OLG Stuttgart 12.12.2023, 12 U 216/22
Die Herausgabepflicht von Handakten, insbesondere von Wirtschaftsprüfern, stellt ein zentrales Thema dar, wenn Ansprüche im Rahmen von Mandatsverhältnissen oder Insolvenzen geltend gemacht werden.
In einer aktuellen Entscheidung (OLG Stuttgart 12.12.2023, 12 U 216/22) hat das OLG Stuttgart klargestellt, dass die zu Steuerberatern und Rechtsanwälten entwickelte Rechtsprechung hinsichtlich der Herausgabepflicht von Handakten auch auf Wirtschaftsprüfer anwendbar ist.
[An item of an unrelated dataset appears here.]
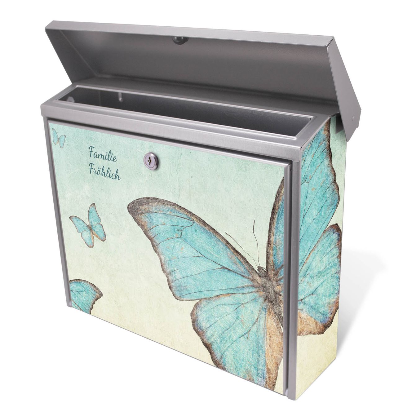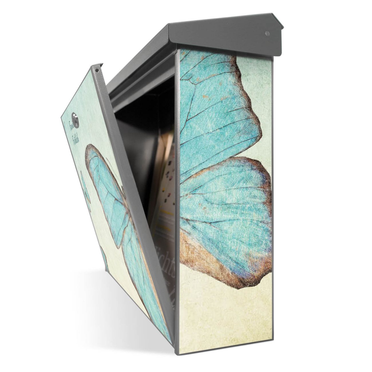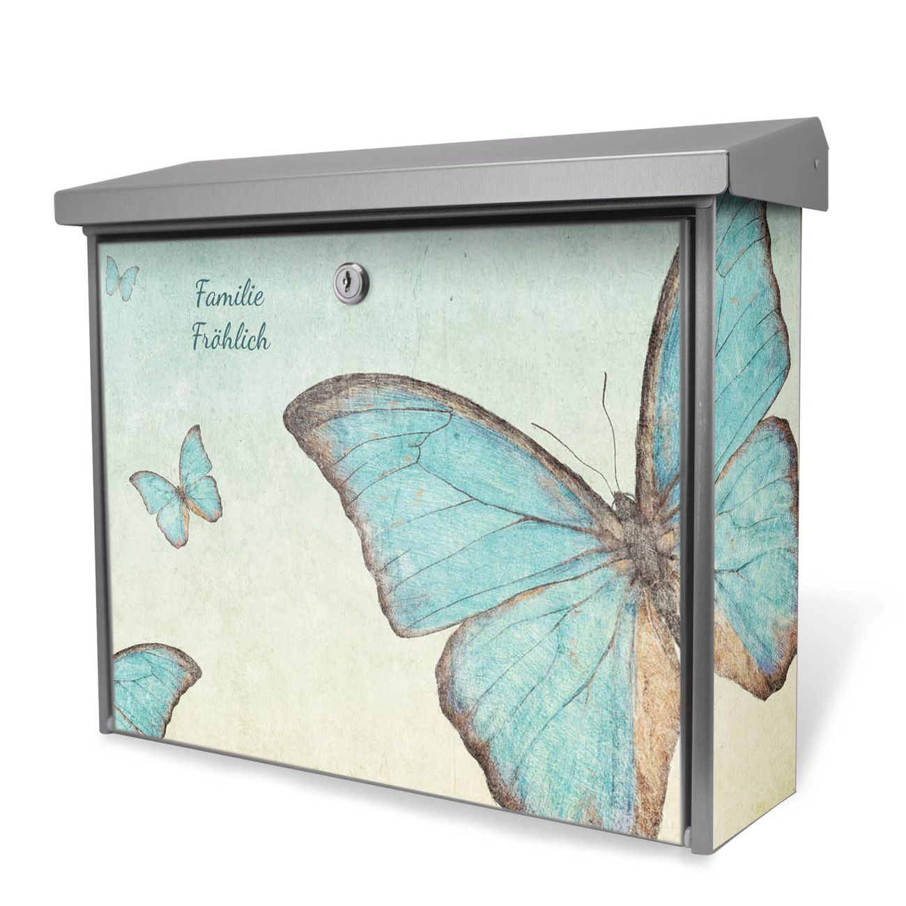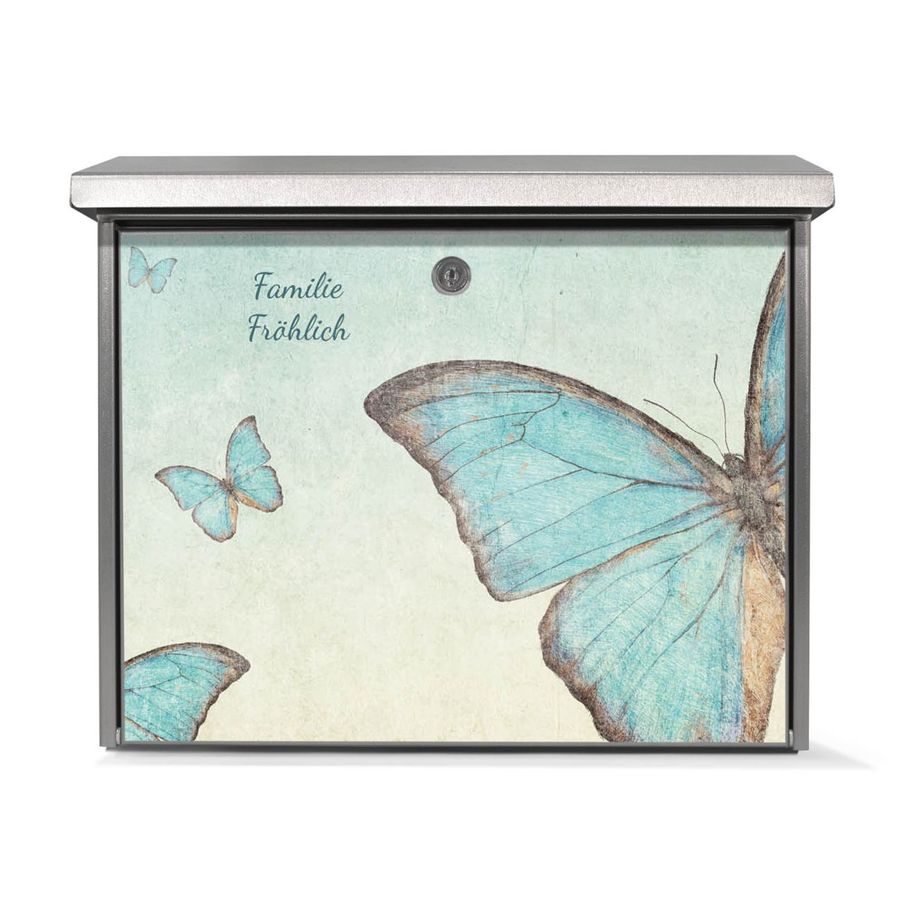 Der Postkasten mit Blaue Schmetterlinge Motiv hat ein sehr ansprechendes und zeitloses Design. Unsere Motivpalette hält jede Menge Varianten bereit, ob klassisch, modern, verspielt oder witzig - für jeden haben wir das passende Motiv parat. Der Briefkasten ist das Aushängeschild Ihres Hauses.

Im Rahmen einer Stufenklage verlangte ein Insolvenzverwalter einer AG und einer GmbH von einer Wirtschaftsprüfungsgesellschaft (WPG) Einsicht in Handakten, welche im Kontext von Jahresabschlussprüfungen und forensischen Sonderprüfungen erstellt worden waren. Die beabsichtigte Einsicht diente dabei der Vorbereitung etwaiger Schadensersatzansprüche. Die WPG verweigerte die Herausgabe der Handakten unter Berufung auf das Vorhandensein wesentlicher Unterlagen bei den ehemaligen Mandantinnen sowie auf die Unzulässigkeit einer „Ausforschung“. Das Landgericht gab der Klage zunächst statt, das OLG Stuttgart hob das Urteil jedoch teilweise wieder auf. Diesbezüglich wurde insbesondere die Herausgabe interner Arbeitspapiere für rechtlich unzulässig erklärt.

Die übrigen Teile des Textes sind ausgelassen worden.